Espresso: Conti Princess 2grp, GS/3...
Grinder: Super Caimanos x2, Forte BG,...
Drip: V60, Kalita Wave, Clever,...
Posted Sat Sep 1, 2012, 10:05pm
Subject: Re: Espresso Machine for home use
 

I once asked a similar question to a friend of mine who owns and runs a cafe.  His recommendation was to go work at a shop.  I asked about learning different gear, and he recommended working at more than one shop.  So that's what I did.

I don't know what the employment environment is like in HK, or how easy it would be to get a job.  Some employers don't like to hire seasoned people because they tend to come with habits imparted by their previous experience.  Sometimes those without the capacity to train may only wan't people who know what they are doing right away.  Begin a home barista does not qualify you as seasoned, but how much of if you bring with you to the interview/job will inform your rapport with the person doing the hiring.

I think the best investment you can make outside of a job is in your palate.  Drink a lot of good coffee.  Do some solo cupping.  

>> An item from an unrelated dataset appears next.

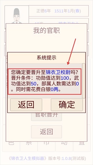 4、晋升为【锦衣卫校尉】,需满足功勋达到100、武功达到50等条件。请先通过完成任务积累相应属性,待各项条件达标后,点击确定即可完成官职晋升。

If you are going to get a machine and can't just go out and buy a GS/3, I would try to spend a modest sum on a good HX with a 58mm group.  If you are trying to train at home you will want to replicate the physical feel of a commercial machine, but you don't need all sorts of bells and whistles because chances are you wouldn't be in control things like boiler temp or pre-infusion time at the first time barista job that you are trying to land.  You don't need to spend more on a DB because you don't know what kind of machine you are going to be working on once you do get a job, and if it turns out to be a commercial DB it doesn't matter.  Once you have a machine, spend you money on coffee and milk.  Have some friends over and make two or three drinks for each.  Have those friends over in a couple of days.  Repeat.  Make a lot of espresso.  Steam a lot of milk.



All of this is my personal opinion as a home coffee enthusiast making the switch to a coffee professional.



N.B.  The used market for light/medium duty commercial machines can be very soft (it is here in LA).  If you can shoulder the risk, make the space, and handle the electrical load and cost, you might wind up spending less than you would on a fancy prosumer machine and really get familiar with the physical feel of the equipement you will be working on.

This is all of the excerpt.